Recorded information:

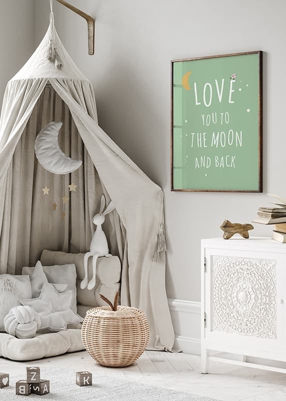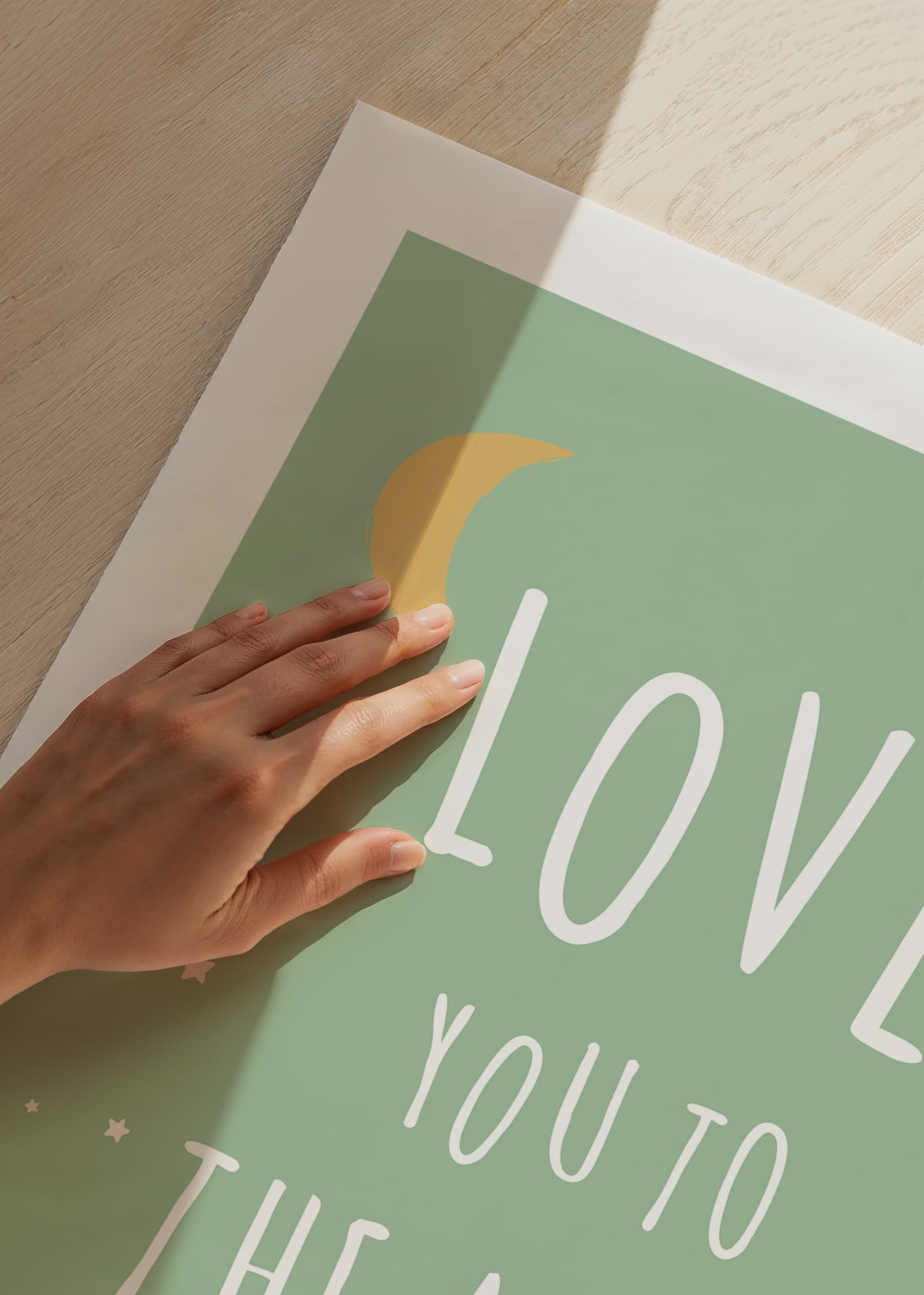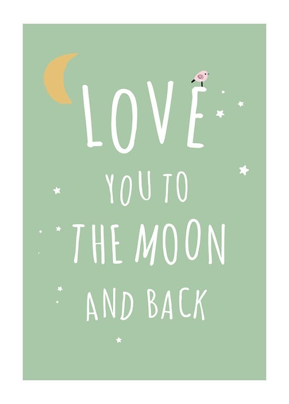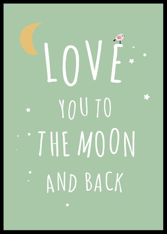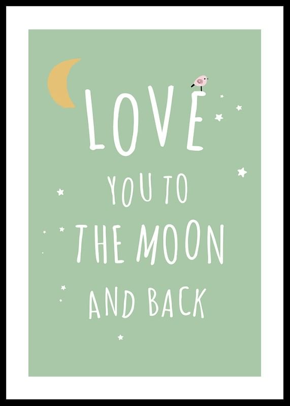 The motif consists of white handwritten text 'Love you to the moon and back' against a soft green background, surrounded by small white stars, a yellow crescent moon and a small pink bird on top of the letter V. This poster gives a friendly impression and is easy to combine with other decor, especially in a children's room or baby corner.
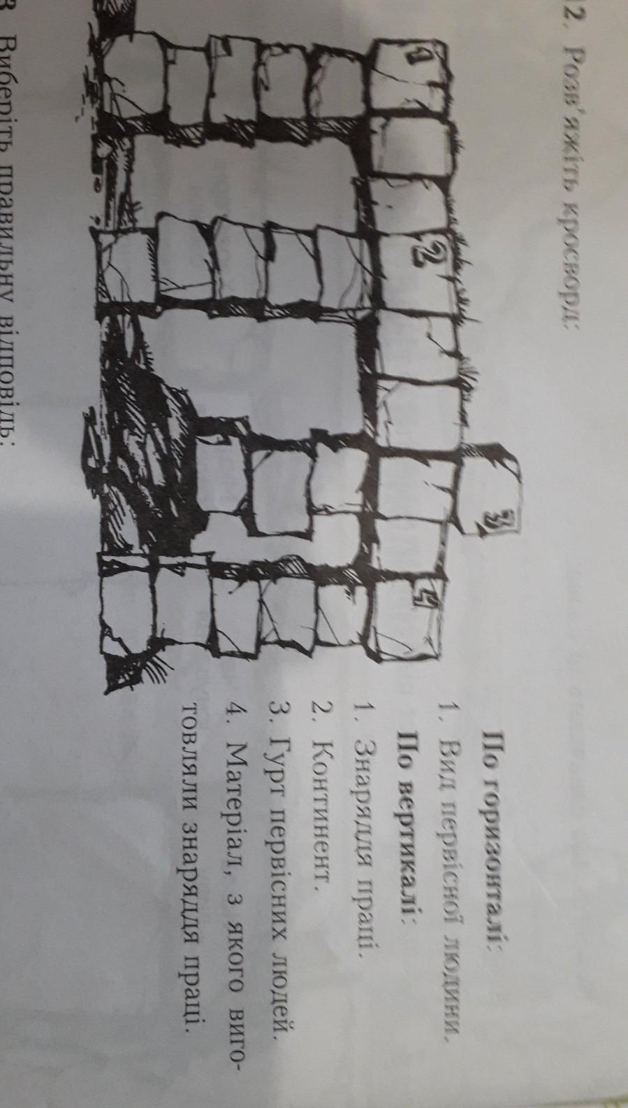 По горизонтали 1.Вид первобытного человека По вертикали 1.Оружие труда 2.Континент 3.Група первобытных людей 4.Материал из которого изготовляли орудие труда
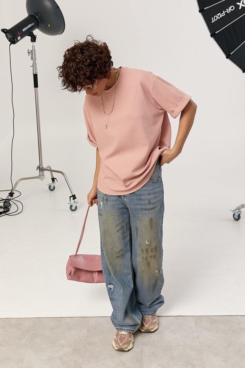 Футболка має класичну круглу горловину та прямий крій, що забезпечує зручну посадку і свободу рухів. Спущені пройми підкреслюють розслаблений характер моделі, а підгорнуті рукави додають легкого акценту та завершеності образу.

Work to be completed: Output the listing word for word. Drop the pictures.

Solution for this problem:
 The motif consists of white handwritten text 'Love you to the moon and back' against a soft green background, surrounded by small white stars, a yellow crescent moon and a small pink bird on top of the letter V. This poster gives a friendly impression and is easy to combine with other decor, especially in a children's room or baby corner.
 По горизонтали 1.Вид первобытного человека По вертикали 1.Оружие труда 2.Континент 3.Група первобытных людей 4.Материал из которого изготовляли орудие труда
 Футболка має класичну круглу горловину та прямий крій, що забезпечує зручну посадку і свободу рухів. Спущені пройми підкреслюють розслаблений характер моделі, а підгорнуті рукави додають легкого акценту та завершеності образу.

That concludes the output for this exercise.